In a report out today, the Engineering Employers Federation said that between April and June this year engineering companies accounted for 17% of the money levied by the Treausry.
EEF director general Martin Temple said: ‘Our figures prove the government was wrong when saying the levy would not impact on competitiveness, when in reality it is imposing an ever greater burden on manufacturing at a time when it is already in recession.’
Temple said the gross increase in costs to the engineering sector would be £174m per annum, but would probably rise as high as £200m. After reductions in national insurance are taken into account, the net increase in costs is likely to exceed £100m.
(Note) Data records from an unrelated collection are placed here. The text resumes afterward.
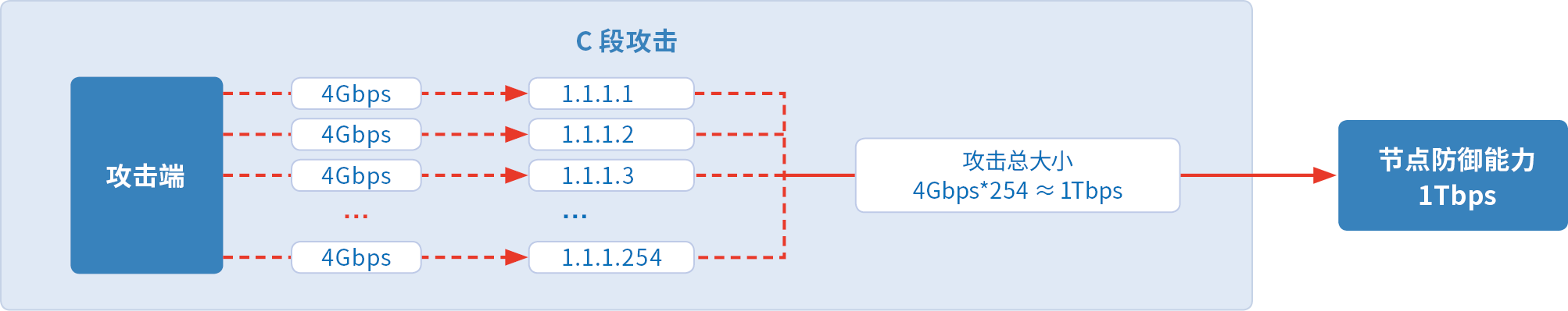 针对属于同一网段的单个IP进行小流量的DDoS攻击,绕过单IP的黑洞封禁策略,实现针对整体IP段流量压制,最终封堵整个节点带宽。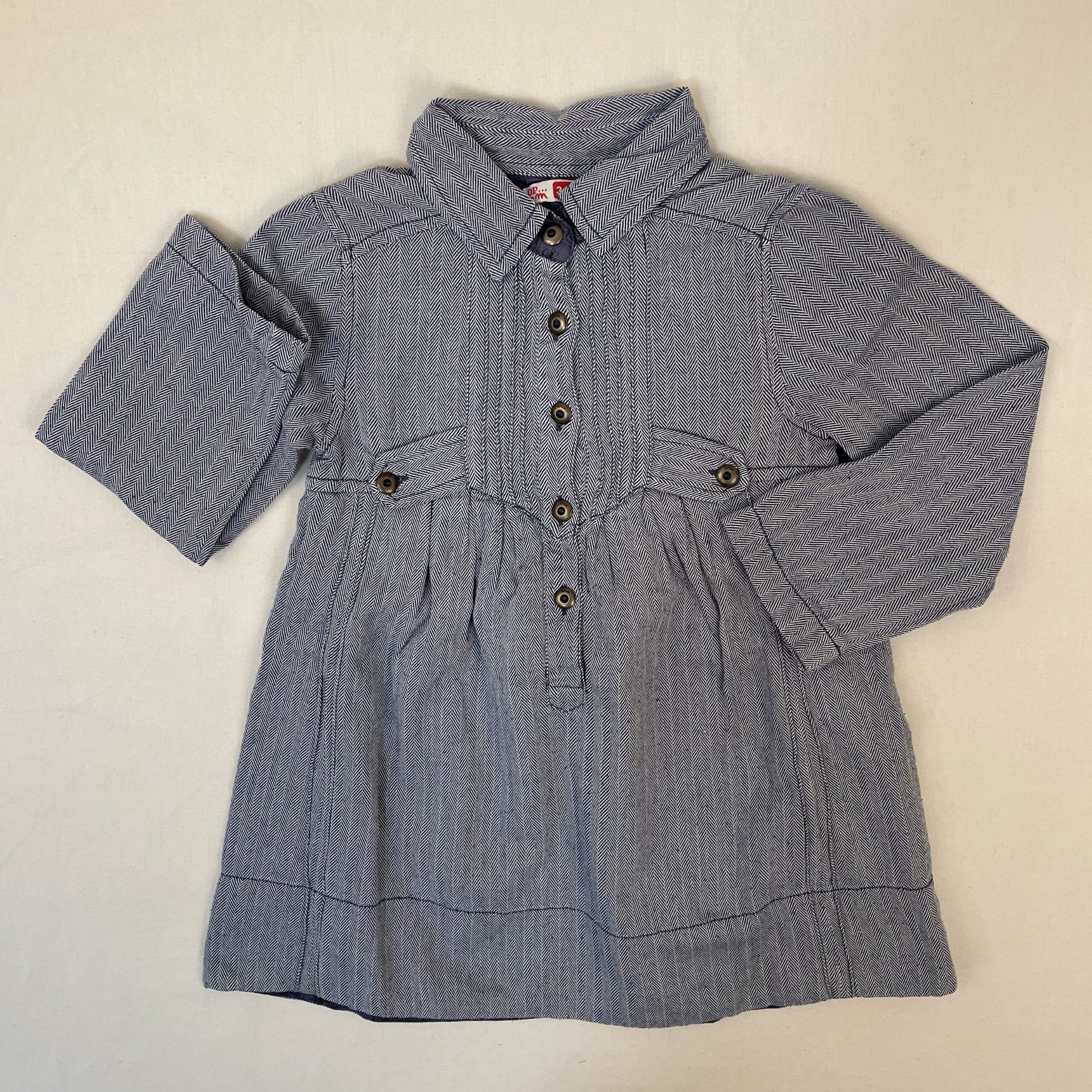 - Robe manches longues à bandes verticales hachurées de bleu, col chemise fermé par boutons classiques devant, froncée à la taille, doublure en coton violet.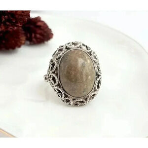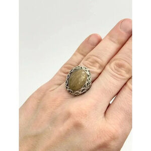 Sterling Silver Natural Agate Stone Ring - Size 7.25
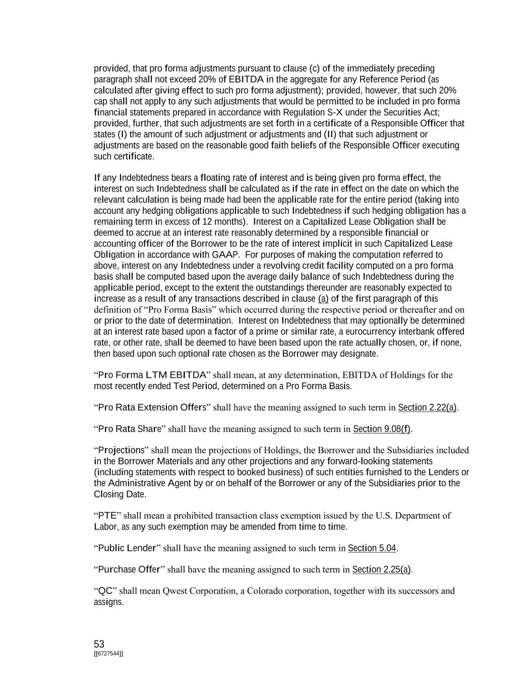 53 [[6727544]] provided, that pro forma adjustments pursuant to clause (c) of the immediately preceding paragraph shall not exceed 20% of EBITDA in the aggregate for any Reference Period (as calculated after giving effect to such pro forma adjustment); provided, however, that such 20% cap shall not apply to any such adjustments that would be permitted to be included in pro forma financial statements prepared in accordance with Regulation S-X under the Securities Act; provided, further, that such adjustments are set forth in a certificate of a Responsible Officer that states (I) the amount of such adjustment or adjustments and (II) that such adjustment or adjustments are based on the reasonable good faith beliefs of the Responsible Officer executing such certificate. If any Indebtedness bears a floating rate of interest and is being given pro forma effect, the interest on such Indebtedness shall be calculated as if the rate in effect on the date on which the relevant calculation is being made had been the applicable rate for the entire period (taking into account any hedging obligations applicable to such Indebtedness if such hedging obligation has a remaining term in excess of 12 months). Interest on a Capitalized Lease Obligation shall be deemed to accrue at an interest rate reasonably determined by a responsible financial or accounting officer of the Borrower to be the rate of interest implicit in such Capitalized Lease Obligation in accordance with GAAP. For purposes of making the computation referred to above, interest on any Indebtedness under a revolving credit facility computed on a pro forma basis shall be computed based upon the average daily balance of such Indebtedness during the applicable period, except to the extent the outstandings thereunder are reasonably expected to increase as a result of any transactions described in clause (a) of the first paragraph of this definition of “Pro Forma Basis” which occurred during the respective period or thereafter and on or prior to the date of determination. Interest on Indebtedness that may optionally be determined at an interest rate based upon a factor of a prime or similar rate, a eurocurrency interbank offered rate, or other rate, shall be deemed to have been based upon the rate actually chosen, or, if none, then based upon such optional rate chosen as the Borrower may designate. “Pro Forma LTM EBITDA” shall mean, at any determination, EBITDA of Holdings for the most recently ended Test Period, determined on a Pro Forma Basis. “Pro Rata Extension Offers” shall have the meaning assigned to such term in Section 2.22(a). “Pro Rata Share” shall have the meaning assigned to such term in Section 9.08(f). “Projections” shall mean the projections of Holdings, the Borrower and the Subsidiaries included in the Borrower Materials and any other projections and any forward-looking statements (including statements with respect to booked business) of such entities furnished to the Lenders or the Administrative Agent by or on behalf of the Borrower or any of the Subsidiaries prior to the Closing Date. “PTE” shall mean a prohibited transaction class exemption issued by the U.S. Department of Labor, as any such exemption may be amended from time to time. “Public Lender” shall have the meaning assigned to such term in Section 5.04. “Purchase Offer” shall have the meaning assigned to such term in Section 2.25(a). “QC” shall mean Qwest Corporation, a Colorado corporation, together with its successors and assigns.

The EEF’s opposition to the levy is nothing new. It has stood shoulder-to-shoulder with the Confederation of British Industry president Digby Jones in condemning the climate tax on business use of energy.
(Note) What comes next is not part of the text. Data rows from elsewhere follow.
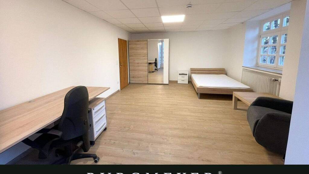 Das Zimmer befindet sich im 1. Obergeschoss eines Wohn- und Geschäftshauses und bietet mit einer Fläche von ca. 24 m² ein angenehmes Zuhause für Studierende, Auszubildende, Berufseinsteiger oder Berufspendler. Es ist teilmöbliert und verfügt bereits über ein Bett, einen Kleiderschrank, einen Schreibtisch mit Schreibtischstuhl sowie einen Relaxsessel und einen kleinen Couchtisch - ideal zum Lernen oder Entspannen in ruhiger Atmosphäre.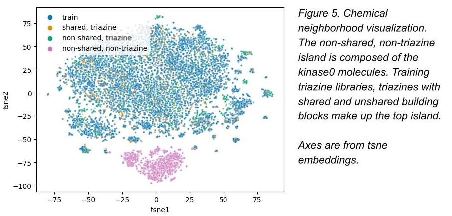 - For the test set only, we also added a completely different chemical library with different cores and different attachment chemistries that we had also screened against these targets (Figure 4). It’s a subset of a chemical library we designed here at Leash we call kinase0. Kinase0 is so different that only models capable of generalizing have a prayer of accurately predicting binders from this library.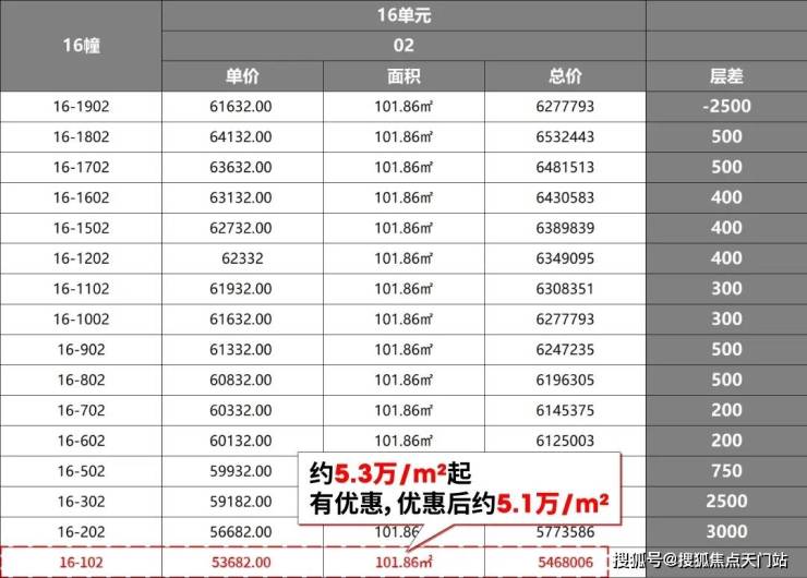 根据一房一价,这批房源整体约5.3万/㎡起,叠加优惠,实际约5.1万/㎡起,这个价格在单价日益高企的闵行几乎绝迹了,堪称捡漏价。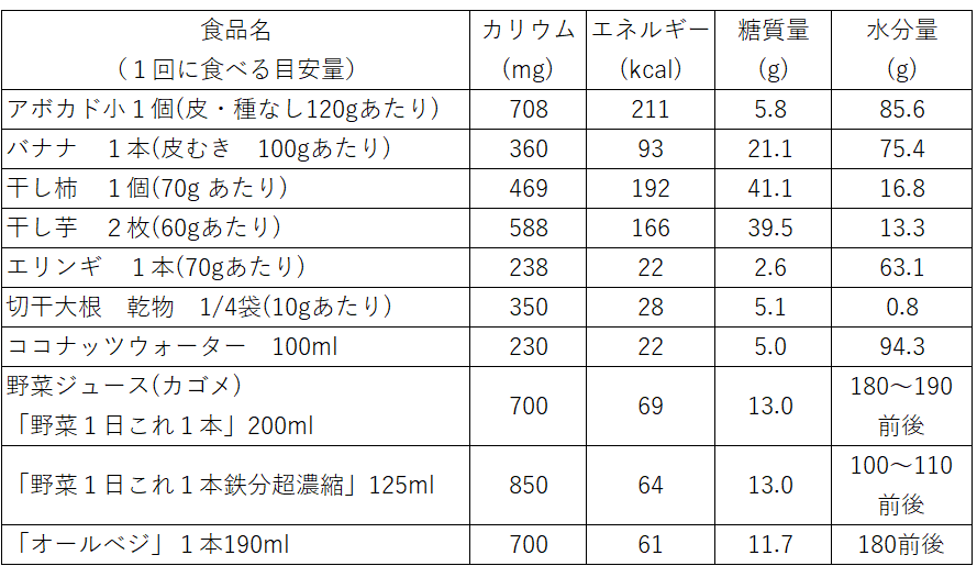 Kは野菜や芋類などの植物性食品をはじめ、蛋白源となる肉、魚、卵、大豆製品など様々な食品に豊富に含まれています。低K血症にならないためにKを多く含む食品を紹介します(下表)。エネルギー、糖質量、水分量も記載しましたので、目的に合わせて選んでください。生の果物はKを多く含みます。ドライフルーツなどの乾物類は水分が抜けている分、少量でもK量が多くなりますが、糖分が多くなります。血糖値を下げる糖尿病治療を行っている場合や高度の肥満を認める場合は、量の加減が必要になります。きのこ類では、他の種類と比べてエリンギに多くKが含まれています。濃縮タイプの野菜ジュースは少ない水分量でKが多く含まれます。菅沼のいとこがカゴメに勤めています。カゴメの「超濃縮」シリーズは、1パック125mLと少量ですが、水分と糖分も少ない製品です。透析間体重増加が気になり、水分量を控えたい方にもおすすめです。
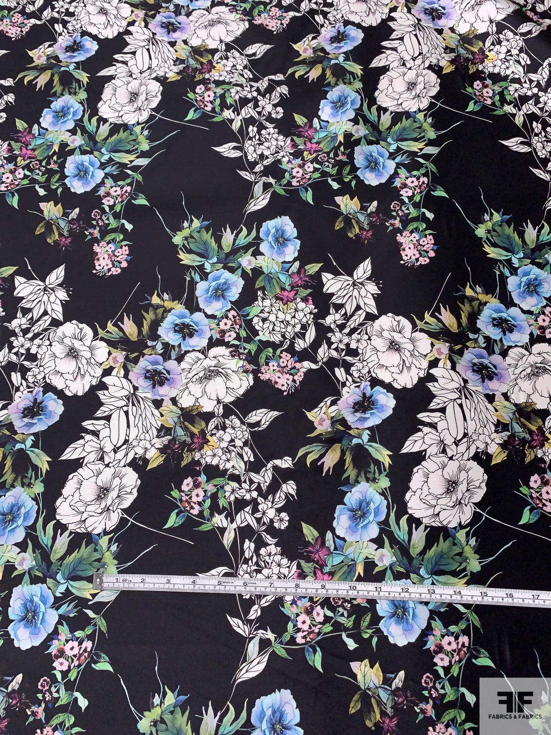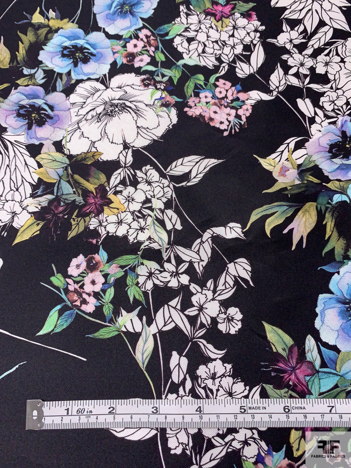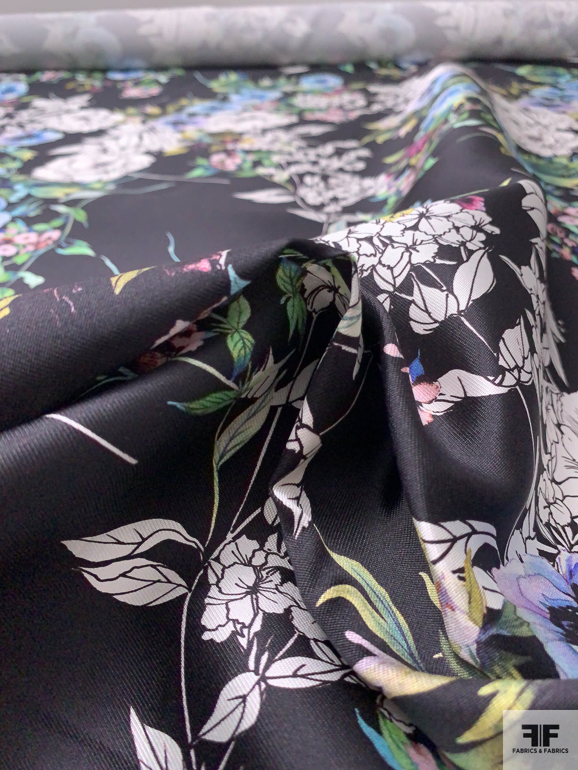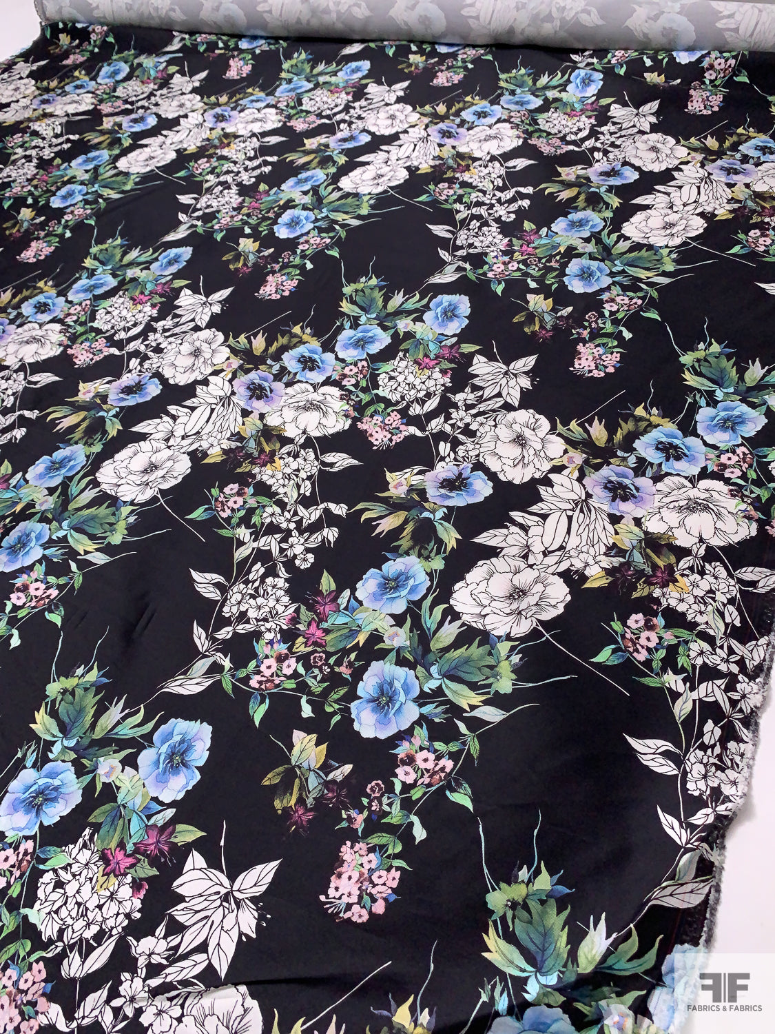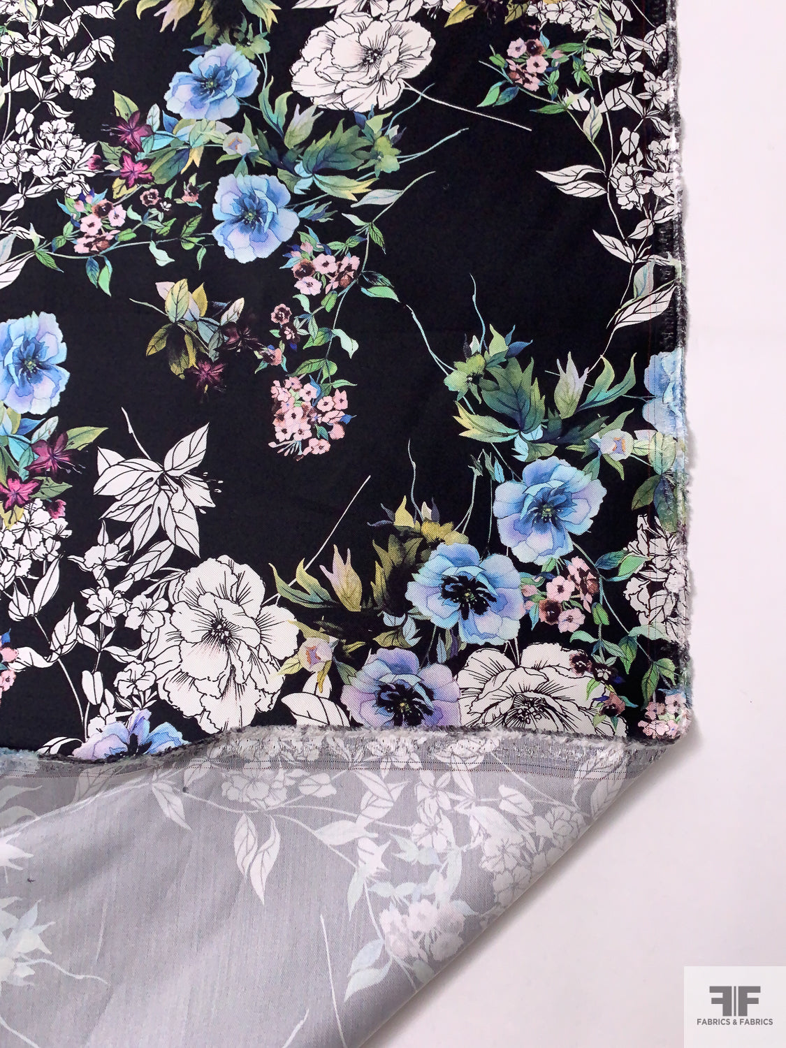 Floral Printed Silk-Cotton Mikado - Periwinkle / Blue / Greens / Black / White

But deputy prime minister John Prescott today warned the costs of ignoring climate change would be far greater.
‘The consequences [of climate change] are quite considerable for our industrial base and for our present society,’ he told BBC Radio 4’s Today programme. As part of its report, the EEF suggested alternatives to the levy put forward by consultants Oxford Economic Forecasting. Its most favoured solution is for the government to reduce the levy, abolish national insurance reductions and channel all the revenue raised into incentives to invest in energy-saving equipment.
‘Our alternative proposals are giving the government a win-win situation by achieving a balance between reducing carbon emissions and promoting growth in employment and output,’ said Temple. ‘They provide a basis for a fairer and more effective levy with the carrot equal to the size of the stick.’